After attending the Toronto Machine Learning Micro-Summit this past week, one theme came up repeatedly during the presentations - communicate with the business team early, and often, or you'll need to go back and re-do your work.
There was the story of an insurance company that created a model that recommended whether to replace or fix a car after a damage claim. It sounded great - the Data Scientists got a prototype up and running and had business team buy-in. But, the problem was that their models weren't very accurate. Usually when that happens it means that your data is noisy or the algorithm isn't powerful enough. They went back to their business team and it turns out that they missed 2 key features: the age of the vehicle and if it's a luxury model.
Another example was a telecom that built a model to optimize call center efficiency. The data science team spent a month building the model and everyone was excited to get it in production. Then, they were told that the call center runs on an outdated application. It turns out that integrating with the application would cost more than the ROI of the project.
I think these situations are happening for 2 reasons: (i) companies are still learning to develop machine learning as a core competency and (ii) don't always have a clear agenda because they don't know what's feasible. As a result, Data Scientists are being hired for their laundry list of hard skills and educational background, but don't always have the domain expertise to understand the business. Even in my Data Science Certificate courses, the focus is on the programming tools, algorithms, and statistics. So we're seeing Data Scientists joining companies and actively looking for problems where they can apply machine learning, then jump into building models too quickly so that they can show traction to management.

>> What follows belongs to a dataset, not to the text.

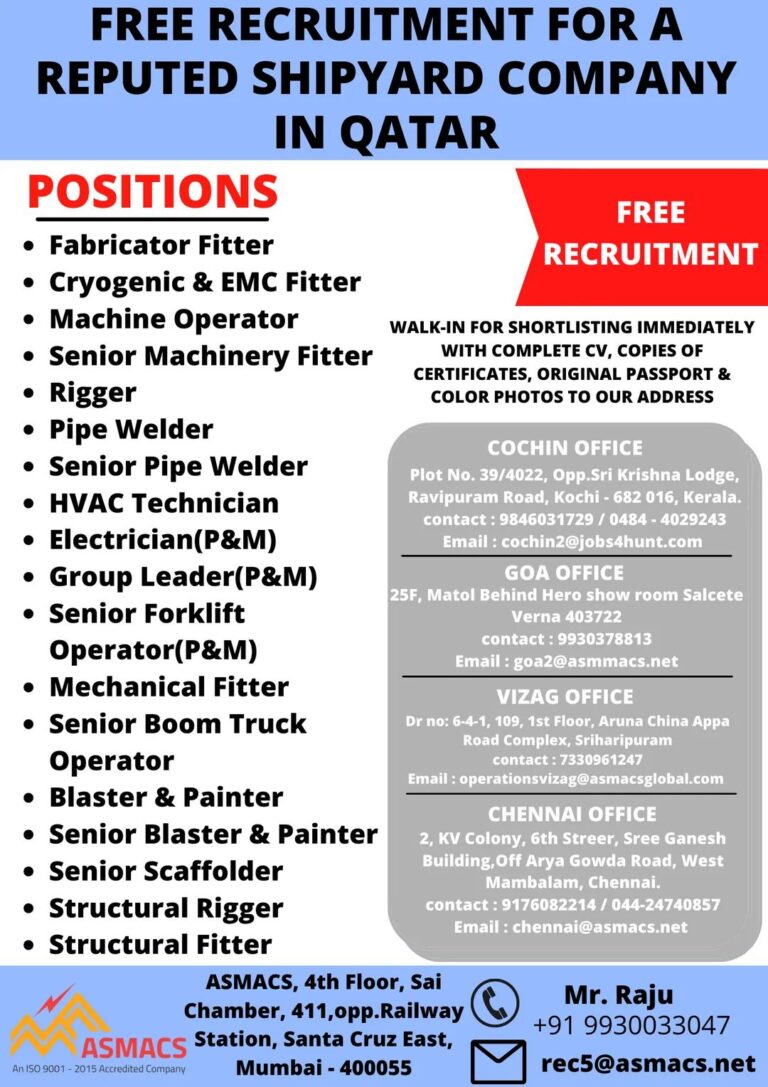 REPUTED SHIPYARD COMPANYIN QATARPOSITIONSFREERECRUITMENT• Fabricator Fitter• Cryogenic & EMC Fitter• Machine OperatorWALK-IN FOR SHORTLISTING IMMEDIATELY• Senior Machinery FitterWITH COMPLETE CV, …

The one skill that Data Scientists are not being trained on is Product Discovery - the ability to validate ideas in the cheapest, fastest, way possible. It's about prototyping - starting with low-fidelity and getting feedback at every stage. Stakeholder feedback and buy-in is just as much part of the solution as the outcome decided by a model.
I can relate.
As a Product Manager, much of my time is spent evangelizing and educating stakeholders of the products that I'm building. I'm trying to understand how my work impacts them. We are all inherently visual and so, at the very beginning, I use the most basic prototype - a flow diagram. It's just so much easier to explain a diagram over a call to someone rather than describe a solution. And after almost every call, I get asked if I can send them my diagram so that they can look it over again.
I think the examples I described earlier will become less of an issue as the field of machine learning matures and Data Scientists get more domain expertise. It does go to show though, why soft skills and communication are still the most important skills in a workplace.